The books in the Stephanie Harringon/Treecat series, also known as the "Star Kingdom" books, three already published and one due in 2022 are:
1) A Beautiful Friendship
2) " Fire Season (Star Kingdom) "
3) "The Treecat wars."
The fourth book in this series which will be called "A New Clan" is due out in 2022.
The second prequel saga, set in the same century as the Stephanie Harrington books but so far without any direct link to them or any common characters, is the "Manticore Ascendant" series of novels about the early days of the Royal Manticoran Navy in which Travis Long is the main hero. This series so far consists of
1) A call to duty
2) A call to Arms
3) A call to Vengeance
The fourth book in this series, which is called "A call to insurrection" is due out on 3rd January 2022 and at the time of writing this review I am eagerly awaiting it.
By the way, if you hate spoilers I advise you not to look at the product descriptions of this book on the websites of the publisher or several booksellers who ought to know better. The Amazon page is not too bad but some idiot at the publisher appears to have included in the press releases/product information a couple of spoilers which give away the outcome of two issues which David Weber deliberately left hanging at the end of "A call to Vengeance."
Finally there is an Honorverse companion book, "House of Steel."
I can recommend "To end in fire" and indeed the entire Honorverse series.

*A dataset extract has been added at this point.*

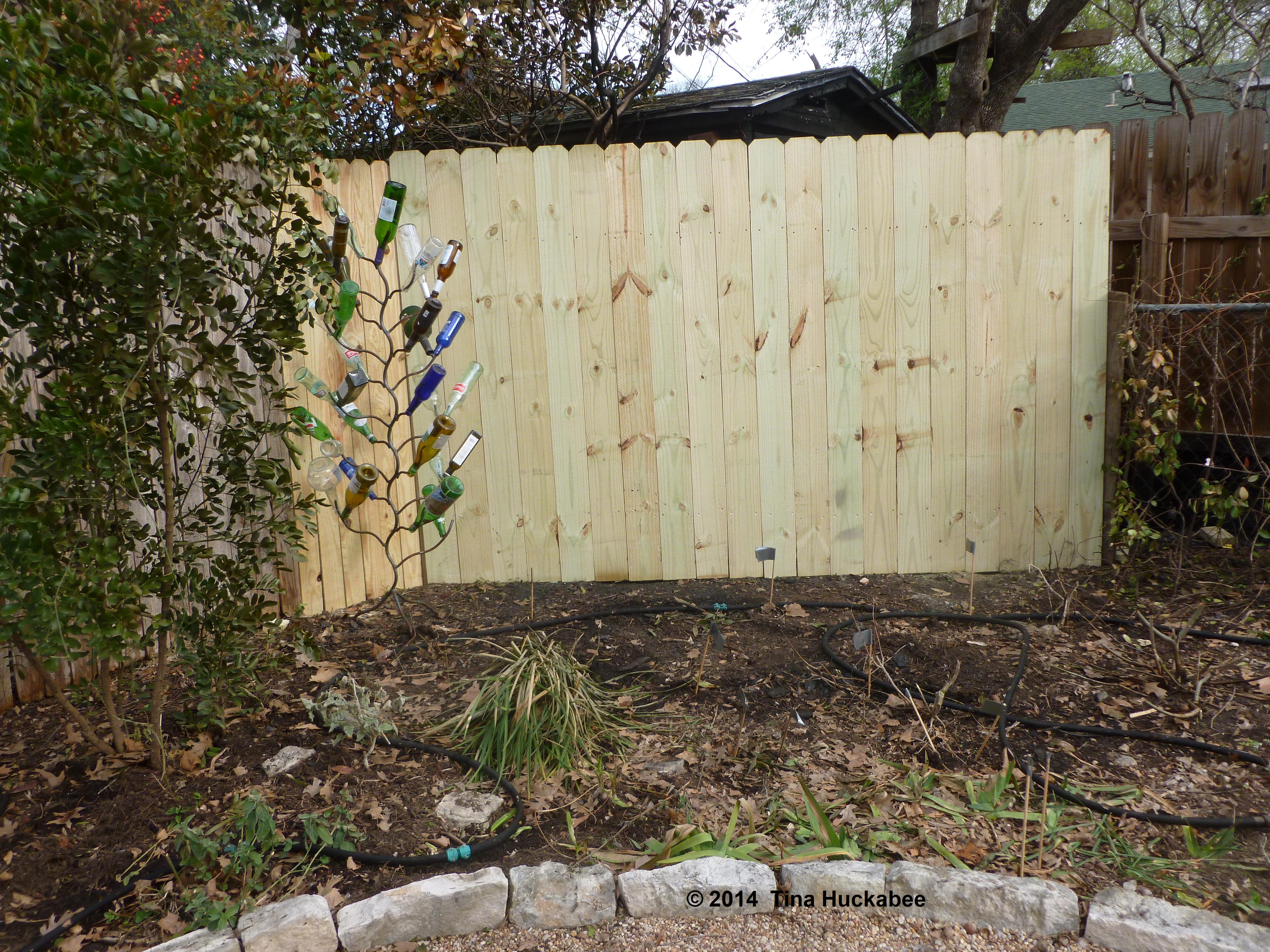 The discoloration between the new and old fence sections annoys me. I added bottles across the top of the lattice screen, in the hopes of distracting from the fire damaged neighbor’s fence and the little bit of the chain link that is visible. Also, as I age, kitsch appeals to me.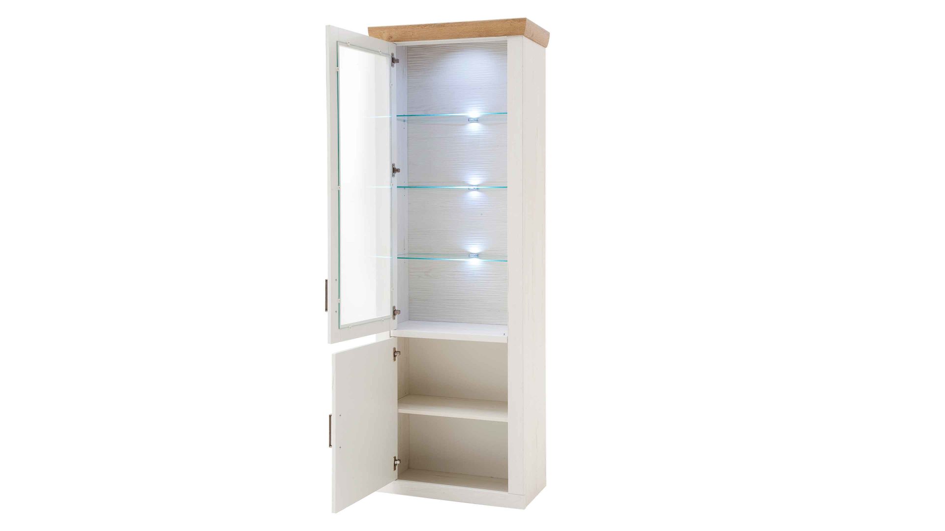 Funktionale Höhepunkte sind die kratz- und stoßfesten Melaminoberflächen. Optional lässt sich die Einzelvitrine auch mit einer bezaubernden LED-Beleuchtung ergänzen. Zum hochwertigen und attraktiven Wohnprogramm Brixen gehören noch zahlreiche weitere Wohnmöbel im gleichen oder ähnlichen Design, sodass Sie Ihre Wohnzimmereinrichtung individuell zusammenstellen können.

Do you like briefings that lead towards some actual action happening; only for said action to occur 'off-screen' and is then followed by yet another debriefing in which they describe what happened in those exciting moments 'off-screen'.
The past few Honorverse novels have suffered from having the same bit of action repeated endlessly from different viewpoints. This book has basically taken that strategy and applied it to group meetings.
It literally takes 70% of the book for things to even begin to warm up to actual events to move forward.
and the ending, telegraphed by said endless meetings is supposed to leave me excited for more of this?
Bitterly disappointed. and completely done with the Honorverse. Rolled the dice to see this thing out and left with regrets. I'll go back and endlessly re-read the first 20 or so books and revel in their energy than pay for another.